Reproduce, character for character, the lines below from the first through the one with "1860 - 5 baj". Leave pictures out.

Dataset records
=-=-=

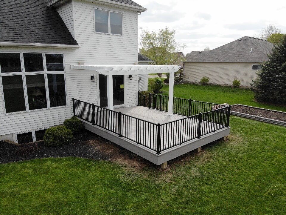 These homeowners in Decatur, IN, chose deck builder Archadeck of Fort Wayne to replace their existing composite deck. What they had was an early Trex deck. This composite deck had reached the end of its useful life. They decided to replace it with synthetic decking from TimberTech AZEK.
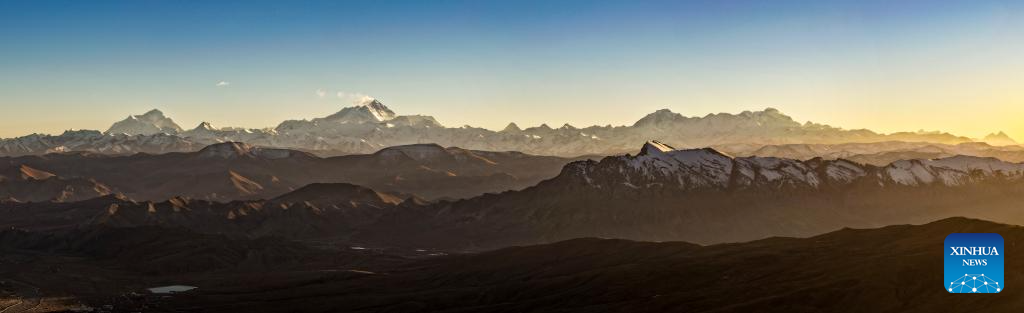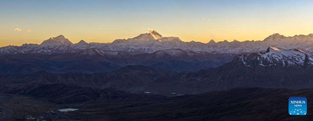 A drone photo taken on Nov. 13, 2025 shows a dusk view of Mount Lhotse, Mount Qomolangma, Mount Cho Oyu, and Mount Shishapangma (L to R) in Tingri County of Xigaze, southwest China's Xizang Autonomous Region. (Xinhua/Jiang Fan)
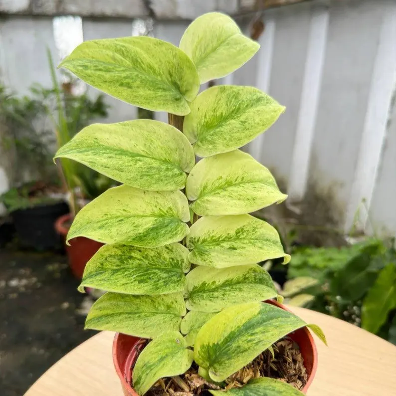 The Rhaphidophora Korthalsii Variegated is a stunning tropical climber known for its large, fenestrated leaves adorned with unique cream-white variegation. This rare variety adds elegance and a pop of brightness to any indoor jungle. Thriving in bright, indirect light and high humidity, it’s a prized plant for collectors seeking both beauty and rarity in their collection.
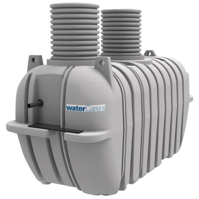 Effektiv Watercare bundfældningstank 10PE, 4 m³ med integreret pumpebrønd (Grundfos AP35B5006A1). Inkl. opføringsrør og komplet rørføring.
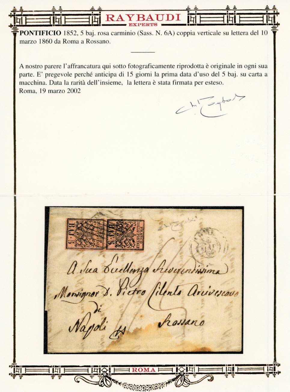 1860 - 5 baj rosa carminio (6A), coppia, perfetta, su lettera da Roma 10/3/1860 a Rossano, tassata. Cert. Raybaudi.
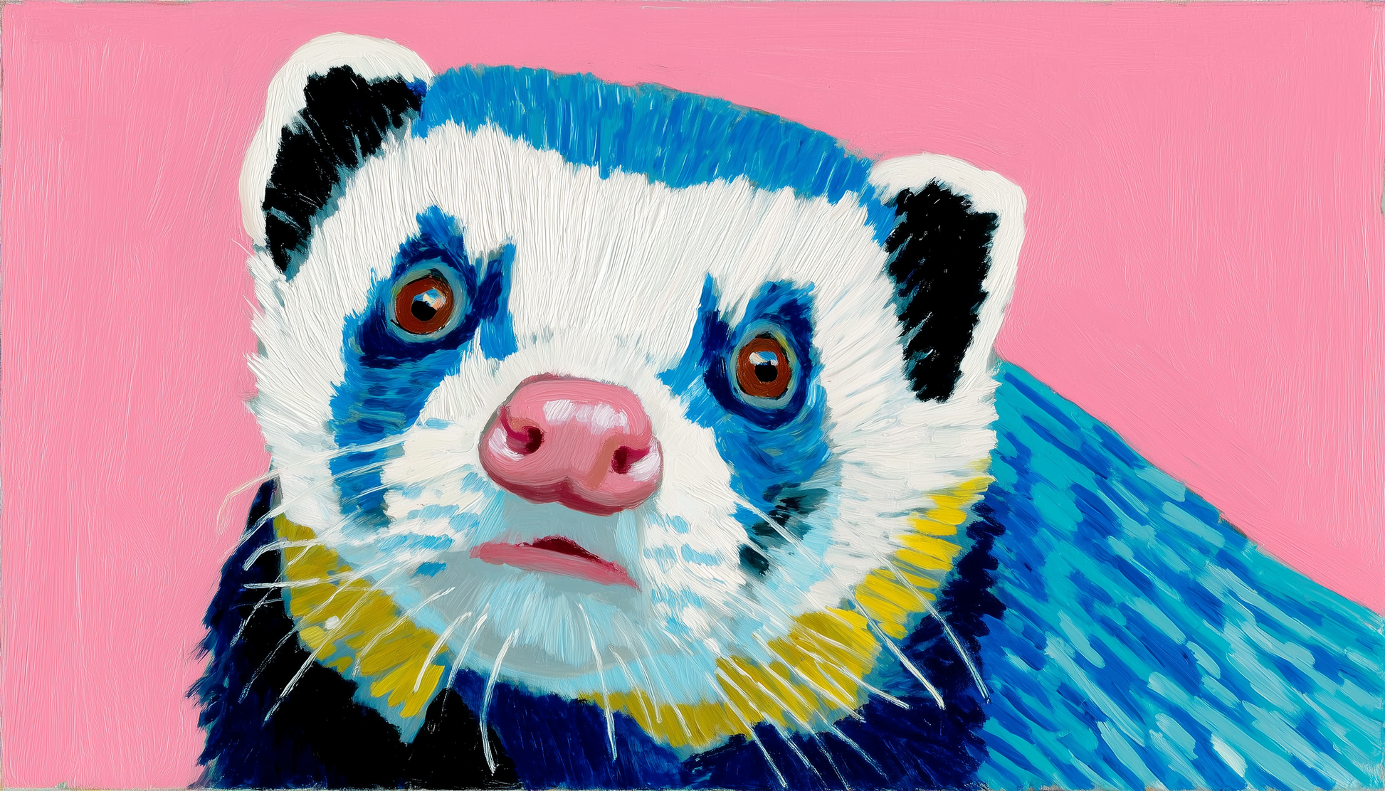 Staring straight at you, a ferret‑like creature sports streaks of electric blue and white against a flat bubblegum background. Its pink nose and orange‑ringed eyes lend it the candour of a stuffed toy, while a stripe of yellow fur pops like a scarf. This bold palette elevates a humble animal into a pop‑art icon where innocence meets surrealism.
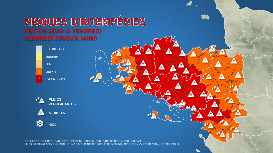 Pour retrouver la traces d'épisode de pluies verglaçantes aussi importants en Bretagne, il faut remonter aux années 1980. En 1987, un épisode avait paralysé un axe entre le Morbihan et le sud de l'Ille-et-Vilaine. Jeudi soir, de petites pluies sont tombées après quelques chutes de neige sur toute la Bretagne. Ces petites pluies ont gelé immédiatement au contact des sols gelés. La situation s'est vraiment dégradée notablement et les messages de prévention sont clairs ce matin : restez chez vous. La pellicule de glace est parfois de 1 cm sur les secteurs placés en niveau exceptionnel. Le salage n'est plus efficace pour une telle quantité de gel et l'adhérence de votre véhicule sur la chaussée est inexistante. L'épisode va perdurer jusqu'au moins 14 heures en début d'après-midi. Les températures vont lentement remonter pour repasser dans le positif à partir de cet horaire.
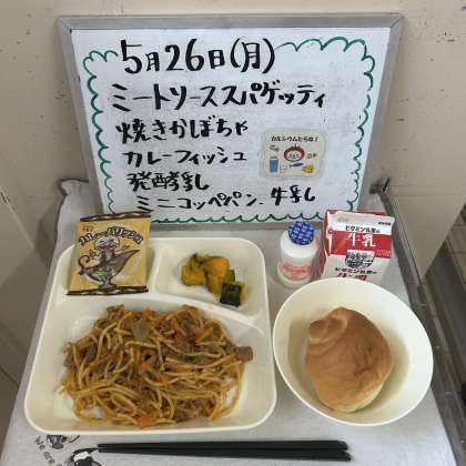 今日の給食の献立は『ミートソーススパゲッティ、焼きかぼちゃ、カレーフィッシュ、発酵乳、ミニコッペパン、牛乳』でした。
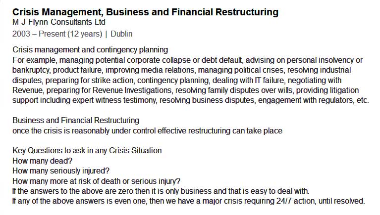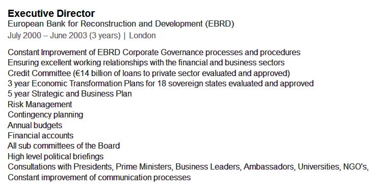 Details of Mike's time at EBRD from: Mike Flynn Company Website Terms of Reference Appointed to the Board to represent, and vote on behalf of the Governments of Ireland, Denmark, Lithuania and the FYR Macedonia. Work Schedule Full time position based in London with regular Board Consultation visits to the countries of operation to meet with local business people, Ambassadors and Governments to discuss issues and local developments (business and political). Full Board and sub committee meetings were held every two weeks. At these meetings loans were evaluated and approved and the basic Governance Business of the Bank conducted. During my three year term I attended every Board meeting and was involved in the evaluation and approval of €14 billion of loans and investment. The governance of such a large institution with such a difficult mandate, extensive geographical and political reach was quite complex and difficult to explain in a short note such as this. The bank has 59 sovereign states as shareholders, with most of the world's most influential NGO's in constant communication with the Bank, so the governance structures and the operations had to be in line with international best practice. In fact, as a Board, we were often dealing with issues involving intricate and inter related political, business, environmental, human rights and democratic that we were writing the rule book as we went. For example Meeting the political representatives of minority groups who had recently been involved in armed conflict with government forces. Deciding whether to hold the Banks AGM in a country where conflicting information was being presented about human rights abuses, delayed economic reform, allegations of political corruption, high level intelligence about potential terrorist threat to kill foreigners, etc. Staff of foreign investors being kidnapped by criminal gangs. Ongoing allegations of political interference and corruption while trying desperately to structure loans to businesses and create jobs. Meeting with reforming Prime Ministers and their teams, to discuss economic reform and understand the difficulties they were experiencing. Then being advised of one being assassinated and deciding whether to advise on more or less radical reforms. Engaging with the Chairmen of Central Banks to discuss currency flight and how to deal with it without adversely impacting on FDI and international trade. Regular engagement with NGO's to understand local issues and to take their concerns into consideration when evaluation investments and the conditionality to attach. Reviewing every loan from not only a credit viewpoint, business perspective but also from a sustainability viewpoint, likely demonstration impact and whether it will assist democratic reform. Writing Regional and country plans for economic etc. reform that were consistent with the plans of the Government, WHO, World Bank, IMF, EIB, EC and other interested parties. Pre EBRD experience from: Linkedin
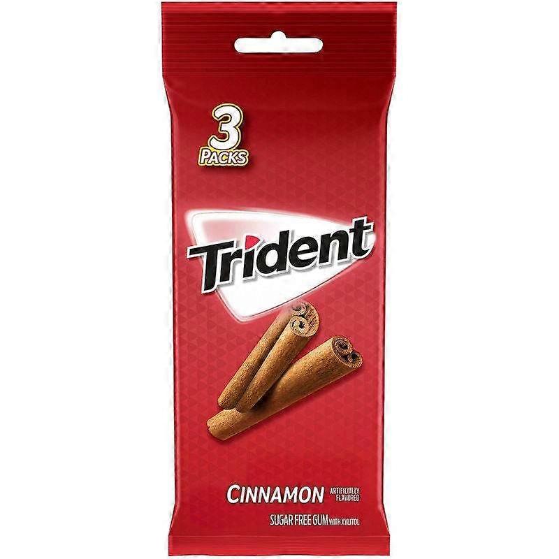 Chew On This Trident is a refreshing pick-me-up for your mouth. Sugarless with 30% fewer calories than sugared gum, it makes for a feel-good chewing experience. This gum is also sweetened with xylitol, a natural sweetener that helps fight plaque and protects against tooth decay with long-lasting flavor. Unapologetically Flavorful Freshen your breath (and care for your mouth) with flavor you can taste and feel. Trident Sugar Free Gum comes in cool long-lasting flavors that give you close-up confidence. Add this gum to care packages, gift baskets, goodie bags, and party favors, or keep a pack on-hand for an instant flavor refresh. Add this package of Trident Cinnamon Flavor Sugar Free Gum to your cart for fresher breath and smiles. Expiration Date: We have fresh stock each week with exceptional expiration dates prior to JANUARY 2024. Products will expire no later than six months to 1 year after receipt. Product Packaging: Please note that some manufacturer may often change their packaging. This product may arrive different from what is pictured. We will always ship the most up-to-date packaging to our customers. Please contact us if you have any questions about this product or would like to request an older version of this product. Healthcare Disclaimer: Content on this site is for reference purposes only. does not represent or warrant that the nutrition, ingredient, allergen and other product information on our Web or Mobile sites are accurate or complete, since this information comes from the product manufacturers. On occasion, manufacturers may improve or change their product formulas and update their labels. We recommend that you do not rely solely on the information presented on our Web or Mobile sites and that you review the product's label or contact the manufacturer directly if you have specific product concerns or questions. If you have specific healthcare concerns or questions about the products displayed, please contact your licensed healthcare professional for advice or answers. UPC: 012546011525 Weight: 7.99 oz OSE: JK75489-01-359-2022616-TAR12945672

=-=-=

EXPECTED ANSWER
 These homeowners in Decatur, IN, chose deck builder Archadeck of Fort Wayne to replace their existing composite deck. What they had was an early Trex deck. This composite deck had reached the end of its useful life. They decided to replace it with synthetic decking from TimberTech AZEK.
 A drone photo taken on Nov. 13, 2025 shows a dusk view of Mount Lhotse, Mount Qomolangma, Mount Cho Oyu, and Mount Shishapangma (L to R) in Tingri County of Xigaze, southwest China's Xizang Autonomous Region. (Xinhua/Jiang Fan)
 The Rhaphidophora Korthalsii Variegated is a stunning tropical climber known for its large, fenestrated leaves adorned with unique cream-white variegation. This rare variety adds elegance and a pop of brightness to any indoor jungle. Thriving in bright, indirect light and high humidity, it’s a prized plant for collectors seeking both beauty and rarity in their collection.
 Effektiv Watercare bundfældningstank 10PE, 4 m³ med integreret pumpebrønd (Grundfos AP35B5006A1). Inkl. opføringsrør og komplet rørføring.
 1860 - 5 baj rosa carminio (6A), coppia, perfetta, su lettera da Roma 10/3/1860 a Rossano, tassata. Cert. Raybaudi.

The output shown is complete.